Since the size of each sample is big enough, we can be sure, that the results couldn’t be corrupted by lack of observations. Therefore, we do not need to build the quantile-quantile plot to observe distributions more precisely.
Considering absence of important reasons, we depict distribution by qq-plot only for demonstration. Though it isn’t necessary, this will merely give us another robust proof of what we’ve seen in Shapiro-Wilc test:
library(ggpubr)
ggqqplot(credit_DE130_short,
'Credit.amount',
facet.by = 'Gender')
Based on the previous results, for demonstration purposes we conduct a corresponding to the research question parametric test, which is in our case independent samples t-test. It includes requirement of distribution normality, after which we must know if the variances of credit amounts among male and female citizens are equal. As the next step, we conduct levene test:
H0: the variances of credit amounts between female and male citizens are equal
H1: the variances of credit amounts between female and male citizens aren’t equal
#install.packages('car')
library(car)
## Loading required package: carData
##
## Attaching package: 'car'
## The following object is masked from 'package:psych':
##
## logit
leveneTest(credit_DE130_short$Credit.amount,
group = credit_DE130_short$Gender)
## Levene's Test for Homogeneity of Variance (center = median)
## Df F value Pr(>F)
## group 1 0.0206 0.886
## 128
We fail to reject H0 at p = 0.886. There is enough evidence, that variances of credit amounts in both groups are same
H0: µF - µM = 0
H1: µF - µM ≠ 0
#since the group variances are equal, there is no need in Welch correction
t.test(credit_DE130_short$Credit.amount ~ credit_DE130_short$Gender,
var.equal = TRUE,
alternative = 'two.sided')
##
## Two Sample t-test
##
## data: credit_DE130_short$Credit.amount by credit_DE130_short$Gender
## t = 0.75529, df = 128, p-value = 0.4515
## alternative hypothesis: true difference in means between group M and group F is not equal to 0
## 95 percent confidence interval:
## -624.3061 1395.1728
## sample estimates:
## mean in group M mean in group F
## 3296.233 2910.800
According to the results, there is a big risk of the 1st type error, so we cannot disregard it. That’s why we fail to reject H0 at p=0.452. There is no difference in credit amounts taken by male and female German citizens.

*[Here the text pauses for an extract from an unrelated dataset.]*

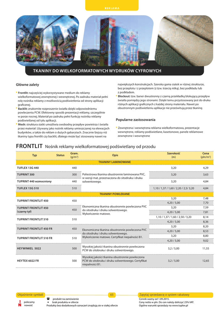 R EAKMLAA M A R E KL TKANINY DO WIELKOFORMATOWYCH WYDRUKÓW CYFROWYCH największych konstrukcjach. Szeroka gama siatek w różnej strukturze, bez przeplotu i z przeplotem (z tzw. trzecią nitką), bez podkładu lub z podkładem. Blockout: tzw. baner dwustronny z czarną przekładką blokującą przepływ światła pomiędzy jego stronami. Dzięki temu przystosowany jest do druku różnych aplikacji graficznych z każdej strony materiału. Nawet po obustronnym podświetleniu aplikacje nie prześwitują przez tkaninę. Główne zalety Frontlit: najczęściej wykorzystywane medium do reklamy wielkoformatowej zewnętrznej i wewnętrznej. Po zadruku materiał pełni rolę nośnika reklamy z możliwością podświetlenia od strony aplikacji graficznej. Backlit: znakomite rozproszenie światła dzięki odpowiedniemu powleczeniu PCW. Efektowny sposób prezentacji reklamy, szczególnie w porze nocnej. Materiał po zadruku pełni funkcję nośnika reklamy podświetlanej od tyłu aplikacji. Mesh: struktura siatki umożliwia swobodny przepływ powietrza i światła przez materiał. Używany jako nośnik reklamy umieszczanej na elewacjach budynków, a także do reklam o dużych gabarytach. Znacznie lżejszy niż tkaniny typu frontlit czy backlit, dlatego może być stosowany nawet na FRONTLIT Popularne zastosowania Zewnętrzna i wewnętrzna reklama wielkoformatowa, prezentacje wewnętrzne, reklamy podświetlane, kasetonowe, panele reklamowe zewnętrzne i wewnętrzne Nośnik reklamy wielkoformatowej podświetlany od przodu Typ Typ Status Status Gram. Gram. (g/m2)2) (g/m Szerokość Szerokość (m) (m) Opis Opis Cena (pln/m2) TKANINY TkaninyLAMINOWANE laminowane ZT304010 TUFLEX 13G 440 TU-FLEX 13G 440 TUPRINT 300 TU-FLEX 15G 510 440 440 300 510 Poliestrowa tkanina obustronnie laminowana PVC, w wersji mat,tkanina przeznaczona do sitodruku i druku Poliestrowa obustronnie laminowana PVC, solwentowego. w wersji mat, przeznaczona do sitodruku i druku 3,20 3,2 3,20 1,1 / 1,37 / 1,6 / 2,2 / 2,5 / 3,2 4,29 4,103,60 3,63 4,604,00 TUPRINT 440 wzmocniony ZT303510 TU-PRINT; ZT303010 Heywinkel 440 solwentowego. Tkaniny powlekane TUFLEX 15G 510 450 TU-PRINT Frontlit 1,60 / 2,20 Ekonomiczna tkanina obustronnie powleczona PVC do 1,10 / 1,37 /3,2 / 4,2 / 5,0/ 2,5/ 3,20 5,90 7,104,84 sitodruku i druku solwentowego. Wykończenie TKANINY POWLEKANE 1,1 / 1,37 / 1,6 / 2,5 / 3,2 / 4,2 / 5,0 7,606,80 matowe. 3,20 7,48 Ekonomiczna tkanina obustronnie powleczona PVC 3,2 / 5,0 6,40 7,907,70 4,20/ 4,2 / 5,00 do sitodruku i druku solwentowego. Wykończenie Ekonomiczna tkanina obustronnie powleczona PVC 3,2 3,20 / 4,2 / 5,0 7,20 8,407,59 matowe. Certyfikat niepalności B1. do sitodruku i druku solwentowego. 4,20 / 5,00 7,81 Wysokiej jakości tkanina obustronnie powleczona PVC Wykończenie matowe. 3,2/ 1,60 / 4,2 // 2,50 5,0 / 3,20 9,00 10,408,14 1,10 / 1,37 do sitodruku i druku solwentowego. 510 450 TU-PRINT Frontlit 510 510 TUPRINT 450 TU-PRINTFRONTLIT Frontlit 450 FR 450 450 TU-PRINTFRONTLIT Frontlit 510 FR TUPRINT 450 (czarny tył) HEYWINKEL Frontlit 5022 TUPRINT FRONTLIT 510 510 450 430 510 3,20 MESH Nośnik wielkoformatowej o strukturze siatki, TUPRINT FRONTLIT 450reklamy FR 450 Ekonomiczna tkanina obustronnie powleczona PVC sitodruku i druku solwentowego. umożliwiający swobodny przepływ do powietrza i światła TUPRINT FRONTLIT 510 FR ZT304020 TU-FLEX; ZT303020 Heywinkel Typ HEYWINKEL 5022 Status TU-FLEX Mesh 280 FR z przeplotem HEYTEX 6022 FR TU-FLEX Mesh 280 FR z przeplotem i podkładem 510 Wykończenie matowe. Certyfikat niepalności B1. Gram. Wysokiej jakości tkaninaOpis obustronnie powleczona 500 2) (g/m PCW do sitobruku i druku solwentowego. Ekonomiczna poliestrowa siatka powleczona PVC, 280 jakości tkaninaniepalności obustronnieB1. powleczona zWysokiej przeplotem. Certyfikat PCW do sitobruku i druku solwentowego. Certyfikat 500 Ekonomiczna poliestrowa siatka powleczona PVC, niepalności B1. 280 z przeplotem i podkładem. Certyfikat niepalności B1. Heywinkel Mesh 5071 FR 330 Wysokiej jakości poliestrowa siatka PVC, matowa. Certyfikat niepalności B1. TU-PRINT Mesh 350 FR z przeplotem 350 Wysokiej jakości poliestrowa siatka powleczona PVC, z przeplotem. Certyfikat niepalności B1. 45 65 Objaśnienie symboli Objaśnienie ! N produkt na zamówienie polecamy polecamy nowość - brak brakproduktu produktuw wofercie ofercie Produkty bez dodatkowych oznaczeń znajdują sie w stałej ofercie 4,84 4,20 / 5,00 8,36 3,20 8,20 4,20 / 5,00 8,53 3,20 8,80 4,20 / 5,00 9,02 Szerokość 3,2 / 5,00(m) Cena 11,552) (pln/m 3,2 / 5,0 3,2 / 5,00 3,2 6,40 12,65 6,60 3,2 / 4,2 / 5 8,90 3,2 / 5,0 8,90 Zapytaj osprzedawcę o system rabatowy Zapytaj sprzedawcę system rabatowy Cennik ważny od 04 maja 2011. Cennik ważny od 1.09.2015. Ceny w pln.doliczyć Do cen należy doliczyć 23% VAT. Ceny netto w pln. Donetto cen należy 23% VAT. warunki sprzedaży na www.tuplex.pl Ogólne warunkiOgólne sprzedaży na www.tuplex.pl R E KL A M A MESH Nośnik reklamy wielkoformatowej o strukturze siatki ZT304020 TU-FLEX; ZT303020 Heywinkel Typ Status Gram. (g/m2) Opis 280 Ekonomiczna poliestrowa siatka powleczona PVC z przeplotem. TUFLEX MESH 280 Z PODKŁADEM 280 Ekonomiczna poliestrowa siatka powleczona PVC, z przeplotem i podkładem. TUFLEX MESH 280 FR 280 Ekonomiczna poliestrowa siatka powleczona PVC z przeplotem. Certyfikat niepalności FR. TUFLEX MESH 280 Szerokość (m) Cena (pln/m2) 3,2 6,82 5,0 7,37 3,2 7,26 3,2 7,37 5,0 8,36 TUFLEX MESH 280 Z PODKŁADEM FR 280 Ekonomiczna poliestrowa siatka powleczona PVC, z przeplotem i podkładem. Certyfikat niepalności FR. 3,2 7,70 HEYWINKEL MESH 5071 FR 340 Wysokiej jakości poliestrowa siatka powleczona PVC, z przeplotem. Certyfikat niepalności B1/M1. 3,2 / 5,0 12,10 REKLAMA BACKLIT Nośnik reklamy wielkoformatowej podświetlany od tyłu ZT303030 Heywinkel, ZT303530 TU-PRINT BACKLIT Nośnik reklamy wielkoformatowej podświetlany od tyłu Typ Status ZT303030 Heywinkel, ZT303530 TU-PRINT Gram. (g/m2) TUP

!Because the distribution of credit amounts among male and female German citizens is not normal, we may not apply parametric test. It leads us to non-parametric Wilcoxon rank sum test!
H0: the distribution locations of the credit amounts in both male and female groups of German citizens are same
H1: the distribution locations of the credit amounts in both male and female groups of German citizens aren’t same
wilcox.test(credit_DE130_short$Credit.amount ~ credit_DE130_short$Gender,
correct = FALSE,
exact = FALSE,
alternative = 'two.sided')
##
## Wilcoxon rank sum test
##
## data: credit_DE130_short$Credit.amount by credit_DE130_short$Gender
## W = 2087.5, p-value = 0.147
## alternative hypothesis: true location shift is not equal to 0
According to p-value from the test, we fail to reject H0 at p=0.147. Therefore the distribution locations of the credit amount in both male and female groups of German citizens are same
library(effectsize)
##
## Attaching package: 'effectsize'
## The following objects are masked from 'package:rstatix':
##
## cohens_d, eta_squared
## The following object is masked from 'package:psych':
##
## phi
effectsize(wilcox.test(credit_DE130_short$Credit.amount ~ credit_DE130_short$Gender,
correct = FALSE,
exact = FALSE,
alternative = 'two.sided'))
## r (rank biserial) | 95% CI
## ---------------------------------
## 0.16 | [-0.05, 0.36]
The ‘r’ value tells us, that the difference between the distribution locations is ‘small’.
For explanation of the results, it can be interpreted, that the credit amounts taken by male and female citizens in Germany are equal, except small difference.